__Input data__:
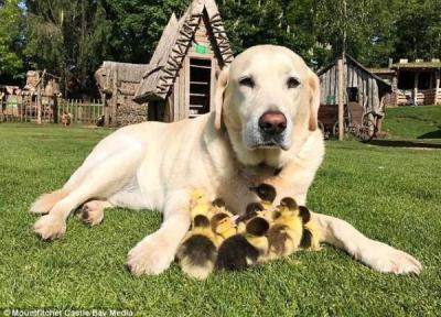 عکس ، این سگ پیر پدرخوانده 9 جوجه اردک شده است
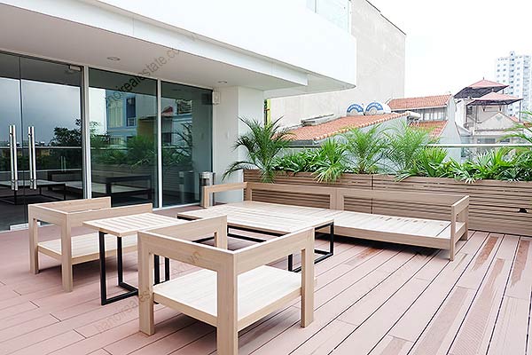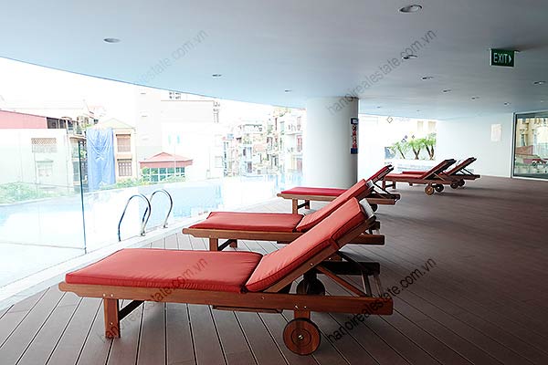 Căn hộ được trang bị sẵn hệ thống tủ bếp cao cấp, điều hòa trung tâm, điều hòa 2 chiều trong các phòng ngủ, bếp, máy hút mùi, lò nướng, máy giặt. Tòa nhà có các tiện ích cao cấp như hầm để xe, bảo vệ 24hr, lễ tân, ban quản lý, bể bơi ngoài trời, phòng tập
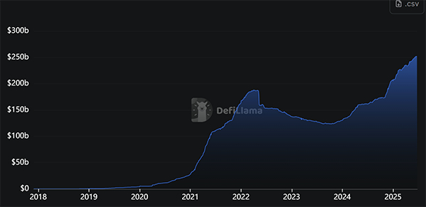 这张图显示了稳定币总市值在过去这些年的变化,呈现很明显的上升趋势。
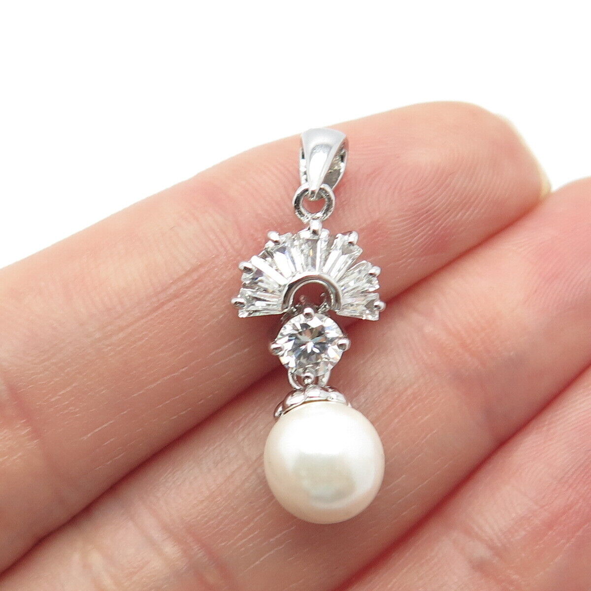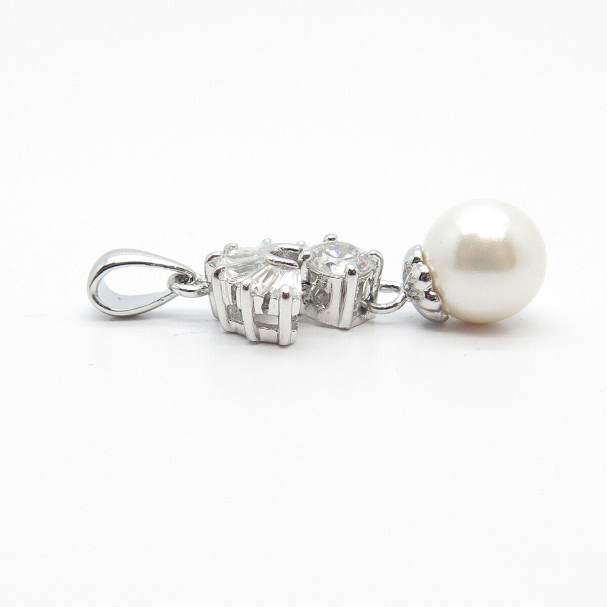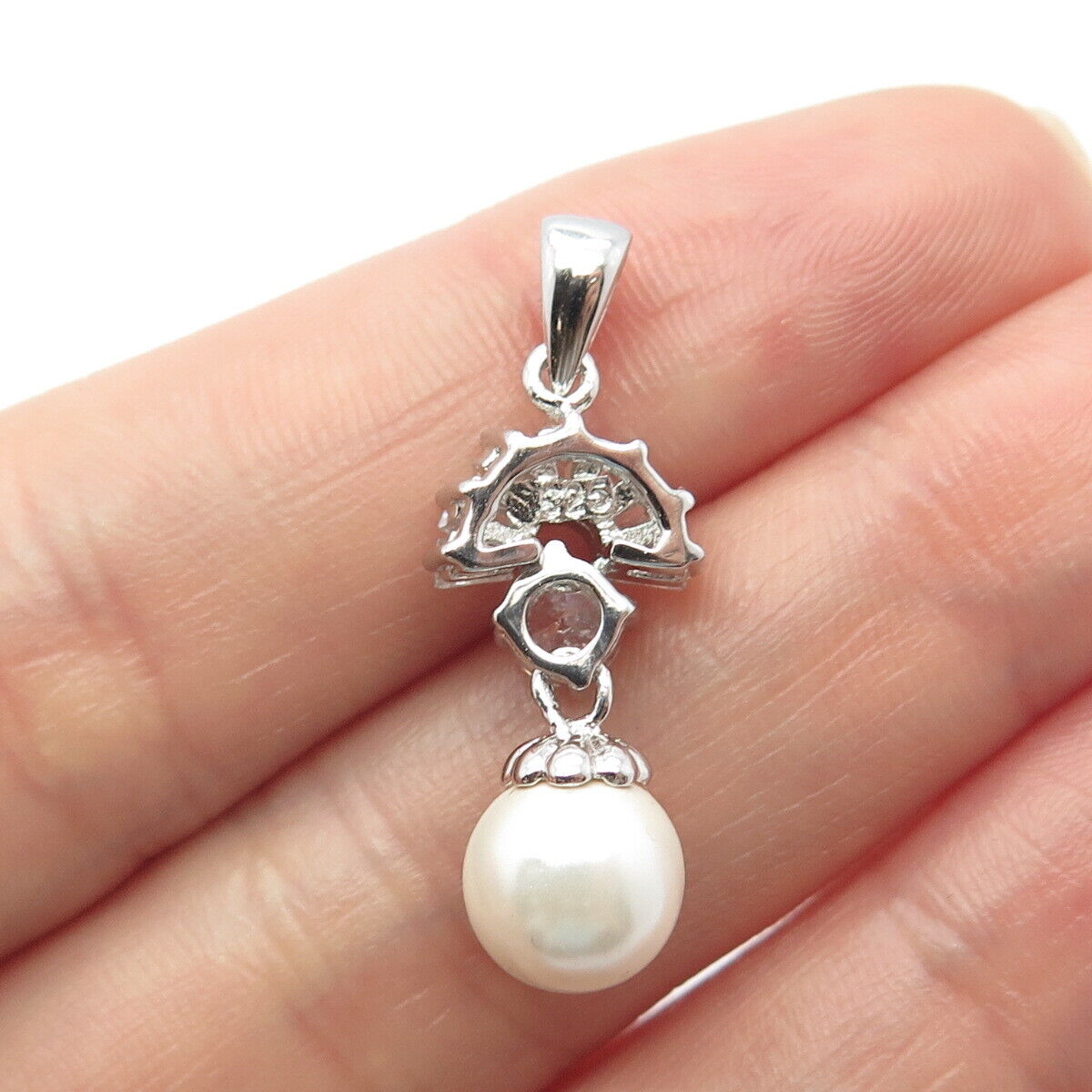 925 Sterling Silver Faux Pearl & C Z Ball Dangling Pendant
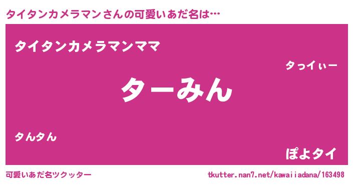 | 胡散臭い通販商品みたいなあだ名 | 『来世でも幸せになれる健康食品…その名も「タイタンカメラマン」』 |
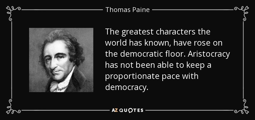 The greatest characters the world has known, have rose on the democratic floor. Aristocracy has not been able to keep a proportionate pace with democracy.

__What is being asked__: Reprint the listing above verbatim but drop the images.

__Solution to the exercise__:
 عکس ، این سگ پیر پدرخوانده 9 جوجه اردک شده است
 Căn hộ được trang bị sẵn hệ thống tủ bếp cao cấp, điều hòa trung tâm, điều hòa 2 chiều trong các phòng ngủ, bếp, máy hút mùi, lò nướng, máy giặt. Tòa nhà có các tiện ích cao cấp như hầm để xe, bảo vệ 24hr, lễ tân, ban quản lý, bể bơi ngoài trời, phòng tập
 这张图显示了稳定币总市值在过去这些年的变化,呈现很明显的上升趋势。
 925 Sterling Silver Faux Pearl & C Z Ball Dangling Pendant
 | 胡散臭い通販商品みたいなあだ名 | 『来世でも幸せになれる健康食品…その名も「タイタンカメラマン」』 |
 The greatest characters the world has known, have rose on the democratic floor. Aristocracy has not been able to keep a proportionate pace with democracy.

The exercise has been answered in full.